Maybe it has access to a bunch of tools that uh make it better at that or a bunch of MCP servers it has access to. So these are all just like individual uh threads that are happening here that like our main agent thread like kind of kicked off um in order to like answer a question that we that we gave it earlier on. Um, but this is kind of like the finished version of this demo. And and I want us to actually like take the time to learn how to build something like this or build even something more advanced than this.
If you were to go home and get started with Cloud Manage agents today, um, all the companies that I've made here are obviously fake and deal is not a real product, but I'm hoping that you guys build really, really interesting things with this. So, um, let's get let's get started on doing that. So, we're in the This is too small, isn't it? Okay, I'm going to zoom in a bunch. Um, so we're in this starter, you know, directory of this uh of this codebase and I'm just going to start my uh server for it so we can test it locally.
Um, I'm using bun because we all love bun here. Um, and because it's the starter version of this codebase, immediately we run into some problems. Uh, something's not implemented. Um, and I did this very intentionally because I wanted to walk us through some of the APIs that we have to use in order to build something like this product. Um, so very very basic at the beginning. We just want to have a sidebar that lists all of the sessions that we have, right? So, well, yeah, of course. How's that? Of course. Um, not really optimized for being super big, but that's okay.

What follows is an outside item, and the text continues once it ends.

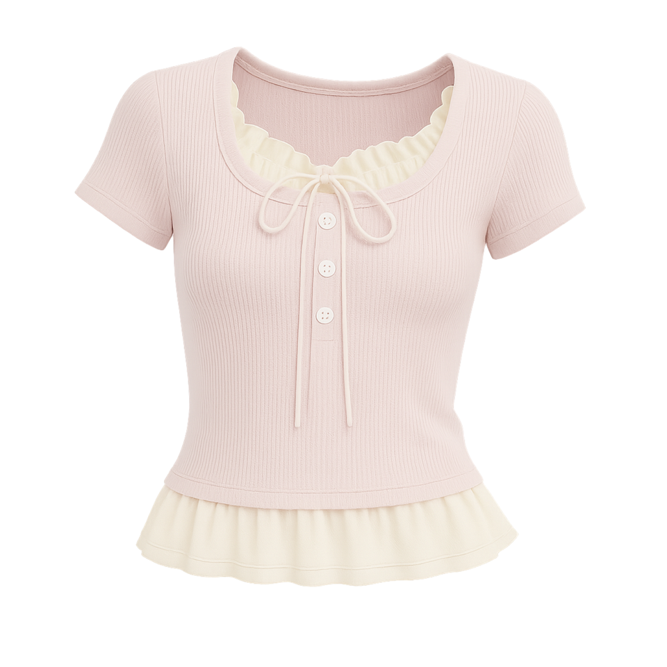 Summer Sweet Breathable Lace Knit Top for Women Pink Ruffled Collar Short Sleeve Soft Ribbed Fabric Regular Length

We're going to deal with it. Um, and here's my code here. Is this big enough? Yes. Okay, great. So, first thing that we ran into is we stubbed out some sort of endpoint for listing all of our sessions. So, obviously that's not going to work. Um, and I'm going to try to implement this function. I haven't written code by hand in a little bit of time. I don't know if you guys have, but please forgive me if this is wrong. Client beta sessions.list. I guess I have a little bit of a hint up top. Okay.
Yeah, let's copy paste this. Um, and really what am I doing here? Um, I'm using the Enthropic SDK that I've imported. Uh, and all of these endpoints are kind of available in production right now. So, I just set up the SDK. Um, and I'm calling the list sessions endpoint within the the SDK. Um, and just returning that data. Relatively straightforward. And I didn't even have to refresh the page. That's how amazing Bun is. We we now have uh we now have a uh like the sessions listed from my my workspace. Um and we'll go over and talk about what these look like in the developer console shortly.

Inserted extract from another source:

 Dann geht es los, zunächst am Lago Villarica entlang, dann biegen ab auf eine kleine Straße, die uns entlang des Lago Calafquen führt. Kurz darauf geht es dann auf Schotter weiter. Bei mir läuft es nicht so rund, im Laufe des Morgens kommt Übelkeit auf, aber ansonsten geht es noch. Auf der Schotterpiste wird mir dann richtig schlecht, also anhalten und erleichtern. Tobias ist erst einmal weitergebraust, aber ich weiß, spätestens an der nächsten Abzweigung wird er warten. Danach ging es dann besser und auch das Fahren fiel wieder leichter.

Um next, maybe we want to implement I don't know. I wrote a bunch of to-dos that are numbered, but I don't think we should do these in this order. Um let's retrieve the session. So to-do number four. Why not? Cool. Are you going to refresh? There we go. And now we have all the data available here. Really, this is just the API response from get session. That's that's really all I'm doing here, right? Like you you list the agent here. Uh you can see all the tools that it has available. It's connected to the linear MCP.
Um and maybe would have had some outcomes defined for it, but we didn't in this case. Um now we want to implement the chat view that this is kind of the more the more interesting aspect out of all of this right so there's two kind of aspects to it there's one there's like sending session events uh which is just like the you know a very relatively straightforward endpoint that we have and then the other one is the the streaming endpoint which like streams the events that uh claude is generating or the session is generating from the server to our client.
Um, this one might be a little bit more complicated. So, instead of actually doing this myself, I'm going to be extremely lazy and I'm just going to use cloud code. Um, the really really nice thing is that uh cla code ships by default with the claude API skill. Claude API skill uh which makes Cloud really really good at using all of the entropic APIs. Uh, specifically the managed agents APIs that we have. Um, and that's really all you have to do to like make Claude really really good at at using this thing. So, um, I'm just going to tell it, hey, I have a bunch of to-dos in this codebase for using clawed managed agents.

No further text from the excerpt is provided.